Read Waterfire Saga, Book Three: Dark Tide: A Deep Blue Novel Page 10


  Ondalinian camouflage spells were known throughout the merworld to be the best. Children learned them while they were still in the cradle. When a merbaby was born, well-wishers didn’t say, Congratulations! Instead they said, Hide it!

  Becca had asked Astrid to think about joining them, and Astrid was. She knew she’d soon have to stop thinking, though, and make a decision.

  But there was another thing Astrid had to think about—her father. Eyvör, her mother, always told her to listen to her instincts. And right now, Astrid’s were telling her—loudly and clearly—that the things she’d learned during her journey to the Iele’s caves and back were connected to the bad things that had happened to her father. What she didn’t know was how.

  Before she’d set off for the River Olt, someone had placed a sea burr under Kolfinn’s saddle, causing his hippokamp to rear and throw him into a wall. He’d broken several ribs. Then someone had slipped poison from a Medusa anemone into his food, making him very sick. He’d mostly recovered, but the poison had left him weak.

  Both the burr and the anemone were found only in Miromaran waters. In the Iele’s caves, Sera had vehemently denied that her mother had had anything to do with the attempts on Kolfinn’s life. Astrid hadn’t believed her then, but she did now. Sera, she’d learned, was many things, but she wasn’t a liar. Yet someone had attempted to assassinate Kolfinn.

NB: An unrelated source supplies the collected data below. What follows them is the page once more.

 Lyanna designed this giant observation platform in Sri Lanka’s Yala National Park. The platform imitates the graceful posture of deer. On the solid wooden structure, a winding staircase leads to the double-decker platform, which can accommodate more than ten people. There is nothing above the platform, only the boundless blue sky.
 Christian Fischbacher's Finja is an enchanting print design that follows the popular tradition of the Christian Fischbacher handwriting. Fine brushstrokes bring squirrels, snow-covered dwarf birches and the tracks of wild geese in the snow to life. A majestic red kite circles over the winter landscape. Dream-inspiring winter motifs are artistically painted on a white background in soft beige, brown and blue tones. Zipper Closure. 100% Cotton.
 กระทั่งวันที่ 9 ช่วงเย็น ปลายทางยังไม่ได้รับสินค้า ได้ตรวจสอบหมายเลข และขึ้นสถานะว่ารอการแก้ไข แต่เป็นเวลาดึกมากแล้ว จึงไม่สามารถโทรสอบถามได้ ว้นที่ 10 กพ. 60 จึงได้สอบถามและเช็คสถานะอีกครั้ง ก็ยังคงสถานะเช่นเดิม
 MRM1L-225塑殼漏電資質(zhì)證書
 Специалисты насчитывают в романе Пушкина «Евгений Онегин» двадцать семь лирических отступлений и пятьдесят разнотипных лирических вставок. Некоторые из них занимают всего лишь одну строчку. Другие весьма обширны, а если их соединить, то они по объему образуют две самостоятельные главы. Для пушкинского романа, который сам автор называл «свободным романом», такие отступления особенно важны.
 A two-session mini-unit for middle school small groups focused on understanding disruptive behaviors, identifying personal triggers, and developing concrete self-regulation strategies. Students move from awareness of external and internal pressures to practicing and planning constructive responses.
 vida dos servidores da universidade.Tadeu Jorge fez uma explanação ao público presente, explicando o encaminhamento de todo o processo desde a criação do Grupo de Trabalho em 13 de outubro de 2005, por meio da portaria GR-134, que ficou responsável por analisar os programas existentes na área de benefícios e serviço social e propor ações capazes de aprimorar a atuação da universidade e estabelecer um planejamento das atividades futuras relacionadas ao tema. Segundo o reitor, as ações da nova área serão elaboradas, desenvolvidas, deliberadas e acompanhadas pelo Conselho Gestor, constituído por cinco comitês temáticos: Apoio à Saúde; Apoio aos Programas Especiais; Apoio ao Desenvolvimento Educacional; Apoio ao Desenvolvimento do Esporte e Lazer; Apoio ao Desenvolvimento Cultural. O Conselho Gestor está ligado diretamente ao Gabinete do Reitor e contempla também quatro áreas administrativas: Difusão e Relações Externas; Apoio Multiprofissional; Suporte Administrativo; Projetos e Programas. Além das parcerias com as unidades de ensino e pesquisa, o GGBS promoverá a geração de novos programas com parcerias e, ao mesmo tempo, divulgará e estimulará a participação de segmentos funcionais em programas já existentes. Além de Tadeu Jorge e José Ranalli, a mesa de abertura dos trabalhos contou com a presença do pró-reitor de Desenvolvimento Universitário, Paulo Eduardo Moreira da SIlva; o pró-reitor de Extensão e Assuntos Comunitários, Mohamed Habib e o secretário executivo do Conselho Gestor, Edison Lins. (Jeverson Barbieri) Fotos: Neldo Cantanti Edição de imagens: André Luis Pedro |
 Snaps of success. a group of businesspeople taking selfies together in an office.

  Was it Vallerio? Astrid wondered now. According to Sera, he’d ordered Isabella’s assassination and had decimated his city in order to place his daughter on Miromara’s throne. If he could murder his own sister in his quest for power, he’d have no qualms about poisoning a merman he barely knew.

  But if Vallerio had made attempts on Kolfinn’s life, how had he done it? Security around her father was impenetrable. He was constantly surrounded by his guards. How could an assassin have slipped through them?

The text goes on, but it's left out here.